AWS Glue Cost Benefits
As you can expect, each tool you use incurs charges. AWS Glue charges an hourly rate. You pay separately for crawlers and ETL jobs by the second. For the AWS Glue Data Catalog, you pay a monthly fee for storing and accessing the metadata. However, the first million objects and accesses are free.
Any provisioned development endpoint for the interactive development of your ETL code incurs an hourly rate billed by the second. It can be expensive for long-running sessions. As for Glue DataBrew, AWS bills separately for sessions and jobs by the minute. So, while AWS Glue may be inexpensive, using another suite of tools for extended periods can raise costs. Also, different groups in your company can use AWS Glue to collaborate on data integration tasks, including extraction, cleaning, normalization, combining, loading, and running scalable ETL workflows. The capacity for collaboration reduces the time it takes to analyze your data and take it to market.
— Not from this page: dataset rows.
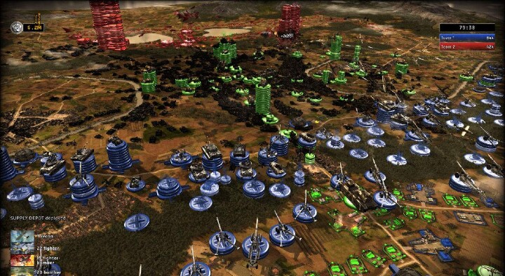 在单人游戏在战场中,还会有动画放出,展现战场上的信息和情况等。每个战役之间也会有CG,交代了战争的进展,作战计划等。镜头拉远,可以观察到整个战场的总体情况,就像在作战室中的沙盘。画面中每个部队都用圆盘标识,大的是重型单位比如坦克等,小的是轻型单位如步兵等。这样标识是战场上的情报一览无遗。镜头拉近,就能看到具体的情况。接近并观察对方究竟是什么部队,是否是伪装等。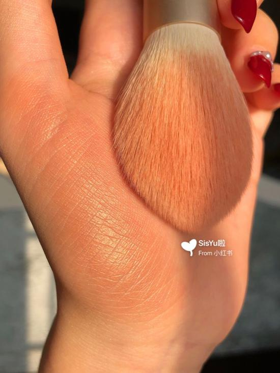 显色度不是很高,所以新手宝宝也可以很好操作,个人觉得也超级适合刷在脸颊两侧当修容,有修饰脸小的效果。里面的细闪又让脸看起来膨膨的,非常有光泽感~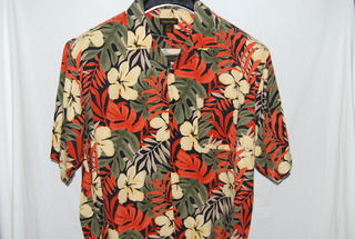 Roberto Villini Men's Designer Casual Shirt, 3XL, Black Floral & Palm Design, Short Sleeve, 100% Silk, new without tags.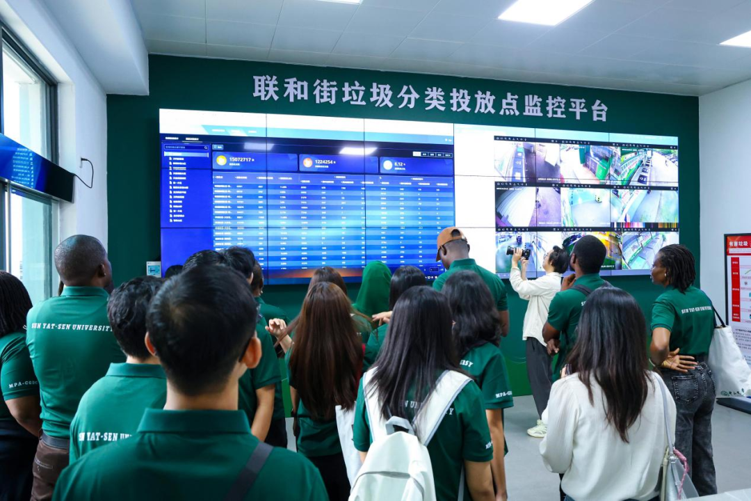 活动最后,参与者来到位于黄埔区联和街的垃圾分类宣教馆。在讲解员的介绍下,大家系统性地认识广州生活垃圾分类的历程、科技应用与末端处理链条,并实地观看联和街的“智慧大脑”——垃圾分类智能监控平台。该平台覆盖全街124个垃圾投放点,利用人工智能技术实现7×24小时“无人督导”,能有效引领居民养成良好的垃圾分类习惯。

Similarities, Differences, and When to Use Either
Amazon EMR Serverless and AWS Glue are similar in that they are both serverless and, in theory, can execute ETL and processing tasks just like an EC2 and a relational database service (RDS) instance can run databases. The key difference is Amazon’s recommended use for each — AWS Glue for ETL and AWS EMR Serverless for data processing and analytics.
When to Use Which
If you want to use well-known data processing and analysis tools that aren’t necessarily AWS-specific, Amazon EMR is a fast, cost-effective solution. The Apache Spark framework, for example, is most in-demand in all major big data processing and analytics industries, and its codebase is actively contributed to and maintained. With Amazon EMR, you can run mainstream open-source big data processing software such as Apache Spark and Hive at AWS-optimized runtime speeds and scaled costs.
However, consider AWS Glue if you prefer a simpler and more cohesive data pipeline. AWS Glue connects to tools for data ingestion, discovery, query, visualization, and loading tasks.
Many companies that ingest streaming data use AWS Glue. One success story is the BMW Group. The BMW Group saves on utility and costs because AWS Glue supports sources like Amazon Kinesis and Apache Kafka, facilitates the cleaning and transformation of data streams in-flight, and continuously loads the results into AWS S3, Data Lake, and other data stores
If your data is raw, requires ETL, and relies on a bevy of tools for extended periods, AWS Glue is your best bet. It’s widely used and has ample documentation. Keep in mind that AWS Glue is more expensive than EMR Serverless for similar compute resources.
EMR Serverless is a good choice if your data is already in the preferred format, as petabyte-scale processing will be batched and super-fast. Opting for this tooling provides simple, cost-efficient, multi-tenanted operations with managed scaling for clusters and commensurate aggregated billing on computing resources.
Amazon EMR and AWS Glue are great tools with overlapping capabilities. Both can do a great job with ETL and processing. However, the best one for you depends on your specific circumstances.